Politics is the social dimension of our lives, and it rears its head in every area of existence where people get together. It's about how individual people within a larger unit operate together, who's in charge, what rules are followed, how we can best live together. It's at work within families, inside schools, within churches, in organizations, at work, and of course in our municipal, state, and national identities.
We are social beings, as Augustine noted, called by God to practice friendship, called to live in communities. And when we live in community, that will necessarily involve negotiation, conflict resolution, goal setting, power sharing, faithful action-all the elements that we identify as belonging to the political sphere.
Ultimately it's impossible to say-and mean-that we "are not political." Being political is all about negotiating those difficult questions of our common life:
How do we relate to each other in society?

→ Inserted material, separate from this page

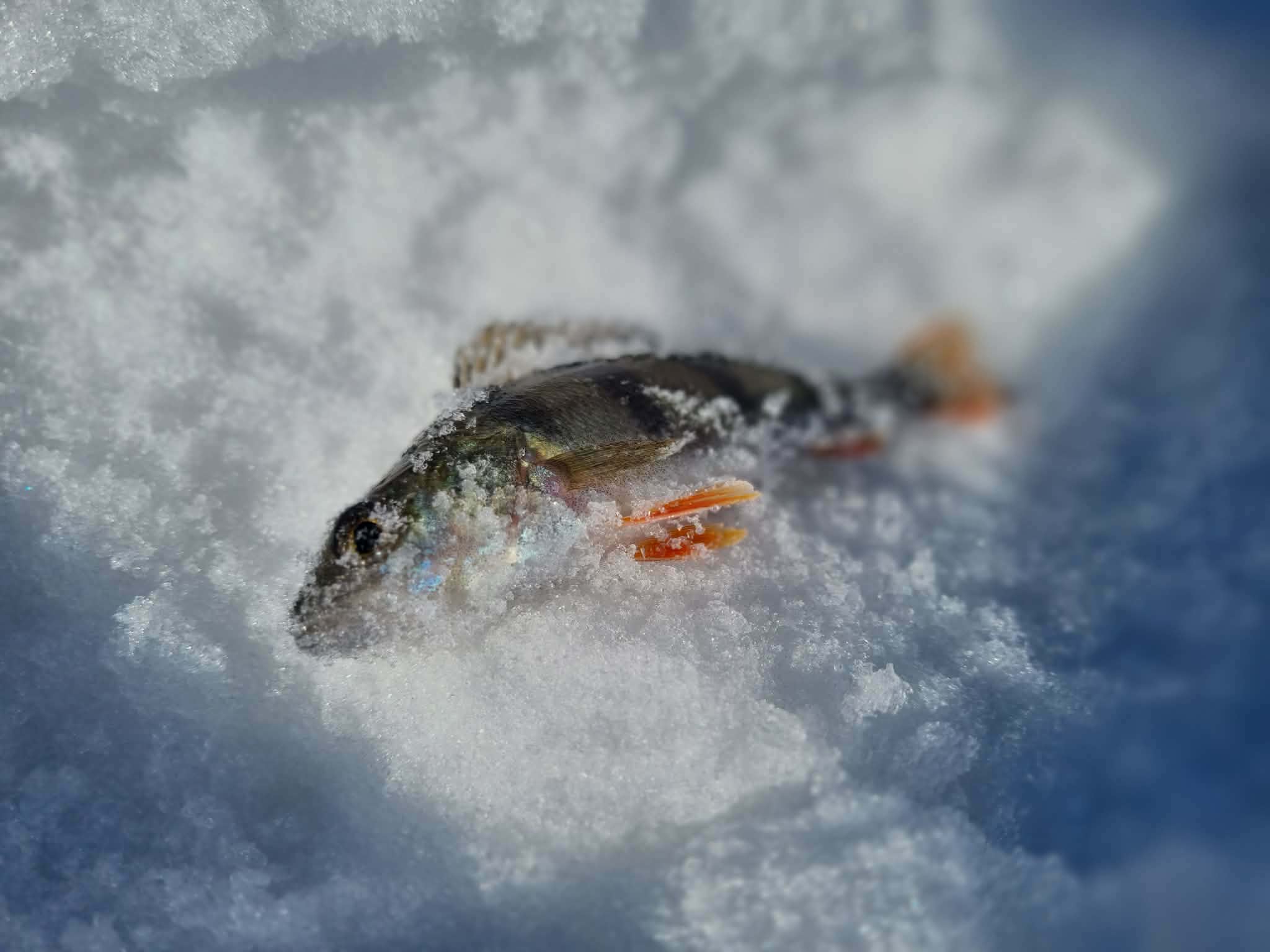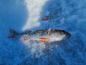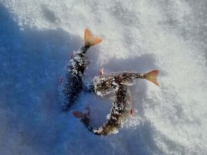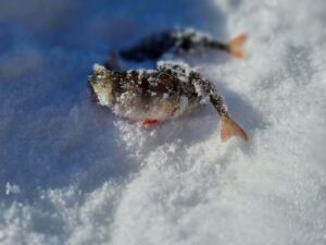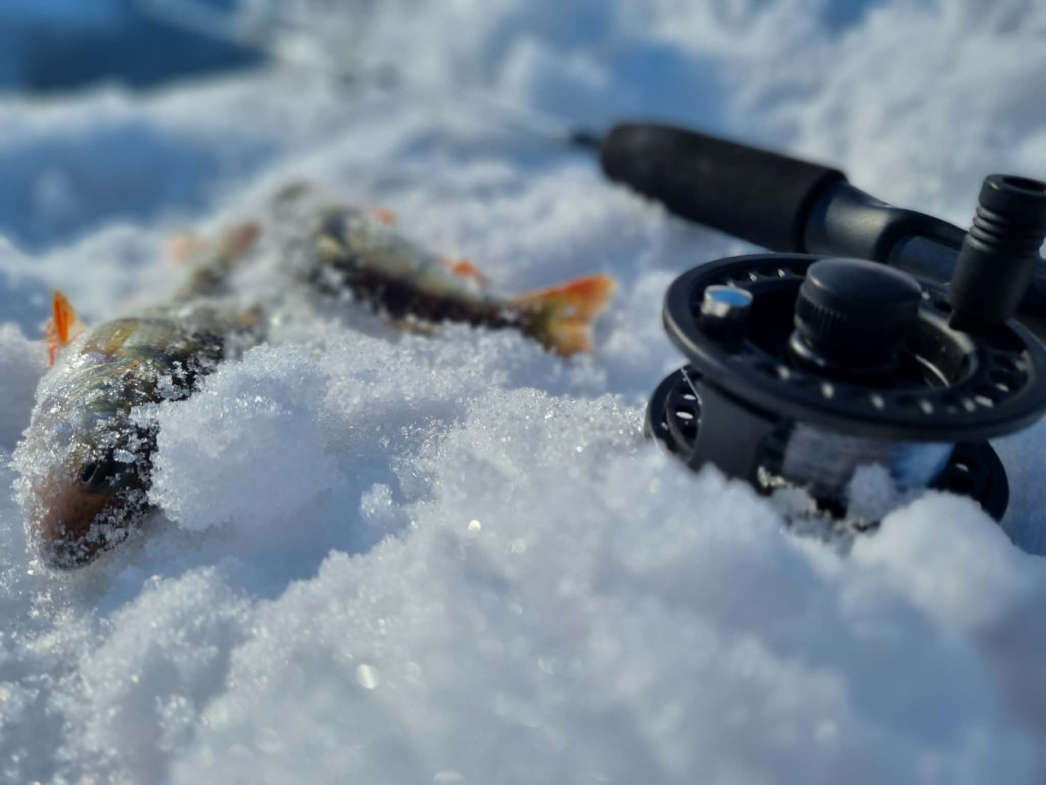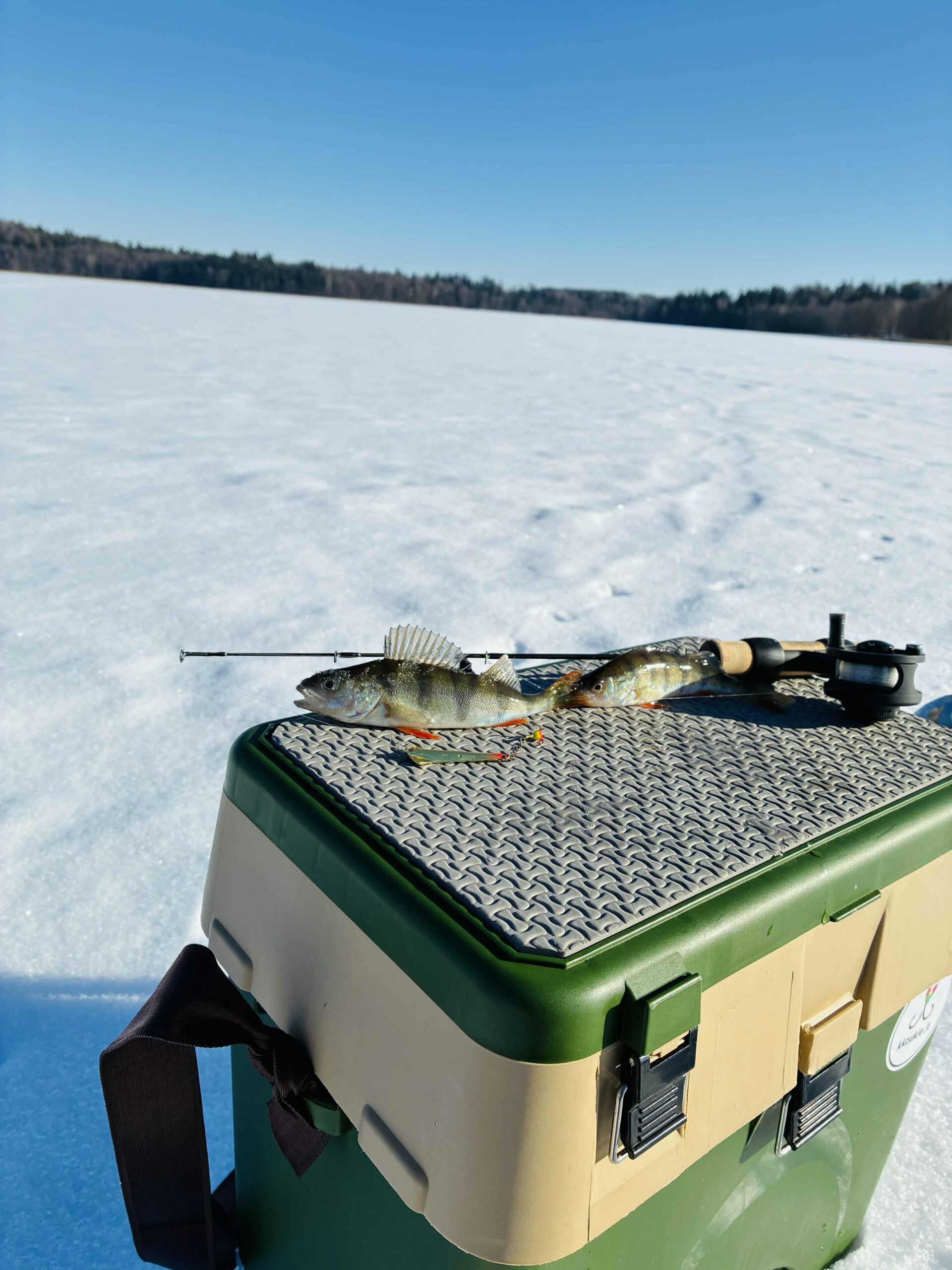 Na o kol kas du vienodais kostiumais vilkintys vyriokai skuba ledu pirmųjų orientacinių taškų link. Pati ežero struktūra įprastinė – visa batimetrinė dugno struktūra „bliūdo“ formos. Giliausia ežero vieta pačiam jo vidury siekia arti 30+ metrų. Mintis ieškoti žuvies ties priekrante, kur nuo kranto linijos vanduo gana greit gilėja ežero vidurio link. Mūsų pasirinktam gaudomam ruože gylis svyruoja nuo 3 iki 6 metrų. Šiandien gaudomi išimtinai tik blizgutėmis ir švytuoklėmis. Buvo minties pričiupti ir avižą, tačiau man asmeniškai su ja gaudyti smagu iki 3 metrų. Kad ir šaltis pakenčiamas, tačiau didesniame gylyje visai kitoks avižos vedimas (jos reikia sunkesnės) ir dažnai pinasi plonas valas. Su blizgute viskas šimtąkart paprasčiau. Be to, tokiu žūklės būdu gali patikrinti kur kas didesnį plotą, o šis faktorius pirmąsyk gaudant naujam vandens telkiny gali būti itin svarbus. Banaliai sakant, pirmiausia reikia rasti pačią žuvį, o tik tada galima galvoti, kaip ją lengviau privilioti.

How do we relate to each other in our faith communities?
How do we relate to each other in families, in businesses, and in our churches?
Who should be in charge? How?
What goals should we pursue in our lives together? Why?
Thankfully, the Judeo/Christian tradition has much to say about these questions, both in scripture-whether through the Hebrew Law, the Prophets, the teachings and actions of Jesus, or the letters of Paul-and in the tradition-whether the Sayings of the Desert Fathers and Mothers, the Rule of Benedict, the sermons and writings of Augustine, Aquinas, Luther, and Calvin, or the political theology of Reinhold Niebuhr, Richard Niebuhr, or Stanley Hauerwas, among others.
If we are created as social beings-and certainly the Church has thought so since Augustine and earlier-then it is incumbent upon us to think about how we reconcile our lives as social beings and our lives as lovers of God. Among those Christians who have considered the relationship between faith and politics, we find three main approaches. Some believe (as do many who are secular) that private faith and public life should operate in different and mutually-exclusive spheres. Your private faith should inform one part of your life; your involvement in community and political life may be shaped by your core beliefs, but you don't talk about them or try to impose them on your neighbors. You may not even see a connection between your Sunday worship and what you do in the voting booth on the first Tuesday in November.
The second and third approaches insist that Christian life always has a public dimension, and these practitioners primarily fall into two groups that Timothy Beach-Verhey calls "Christian traditionalists" and "political liberalists," who call, respectively, for laws and policies that attempt to enforce a biblical Christian morality, or for laws and policies that attempt to create Christian charity and enforce Christian justice. [Next week, we'll talk to Tim about two of America's most important political and religious thinkers, the Niebuhr brothers.]
Both of these approaches are now identified with political parties and candidates, making them a part of our divisive partisan landscape. In this book, I want to argue a fourth approach: that we can extrapolate from the Christian calls to love, justice, and service to a distinctly Christian way of seeing life in community that transcends partisan politics. In exploring these traditions and moving toward that Christian ethic for political involvement, we'll necessarily be considering these larger questions:
What does Jesus have to say about how we live in community?
What does the tradition have to tell us about how we are supposed to treat each other?
How can we extrapolate from these Christian ideals to specific political beliefs, rather than trying to reconcile our personal and political beliefs to our faith?
How should we vote, what are our rights and responsibilities as Christians in America, what is the Christian notion of good government?
If we can answer these questions for ourselves faithfully, then when it comes time to wrestle with specific and topical political issue-in later chapters of this book, in the coming election, and in the months and years to come-we will be much more likely to approach those complicated and emotion-filled issues through our Christian theological understandings than to retrofit our religious beliefs to match what we already think we think.